Ultimately, the Comment proposes legislative and judicial reforms to codify guardrails around interpretive canons in order to ensure that textualism in Wisconsin fulfills its promise of objectivity, rather than serving as a vehicle for ideological outcomes. With Kalal under threat, this Comment suggests frameworks for refining Wisconsin’s textualist approach. The recent 2025 election, which cemented the liberal majority, presents a critical juncture: Wisconsin’s courts can embrace a more disciplined textualist methodology or revert to the fractured, policy-laden interpretations of the past.
Note
United States v. Brewbaker: Just How Per Se Is the Per Se Rule in Criminal Antitrust Enforcement?
Emma Dzwierzynski
The Fourth Circuit recently held in United States v.

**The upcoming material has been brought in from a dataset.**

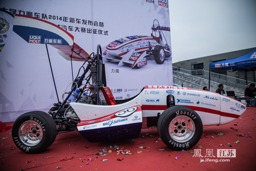 新车由红蓝白的三色简约组合,流畅的仿生造型设计,动感十足,给人眼前一亮。东大学子赋予了这辆赛车的生命与灵魂,这辆赛车的首捷将在湖北襄阳梦想方程式赛车场,为东大这所百年名校书写新的历史。

Brewbaker that a bid-rigging agreement between horizontal competitors who also interacted with each other vertically as manufacturer and distributor must be analyzed under the Sherman Act using the rule of reason, not the per se rule. This holding is incorrect. The general rule is that bid-rigging agreements are analyzed using the per se rule, and the vertical interaction between the Brewbaker parties outside the scope of their bid-rigging agreement should not have altered this general rule. By looking at the entire relationship between the parties to ascertain whether the per se rule or the rule of reason applied, rather than just the relationship between the parties within the allegedly anticompetitive agreement, the court ignored decades’ worth of analogous precedent from other circuits and the United States Supreme Court. Further, the court ignored the fact that any procompetitive effects from the vertical interaction between the parties did not mitigate the anticompetitive effects from the horizontal bid-rigging agreement between the parties. The government typically only criminally prosecutes per se illegal schemes, so, in practice, the Brewbaker decision will lead to lower prosecution rates within the Fourth Circuit. This, in turn, will harm consumers and taxpayers who often bear the financial burden of increased costs resulting from bid rigging. Considering the country’s recent antagonism towards the per se rule more broadly, there is a plausible chance that this holding will be adopted by other circuits, leading to a reckoning for the government’s criminal antitrust enforcement.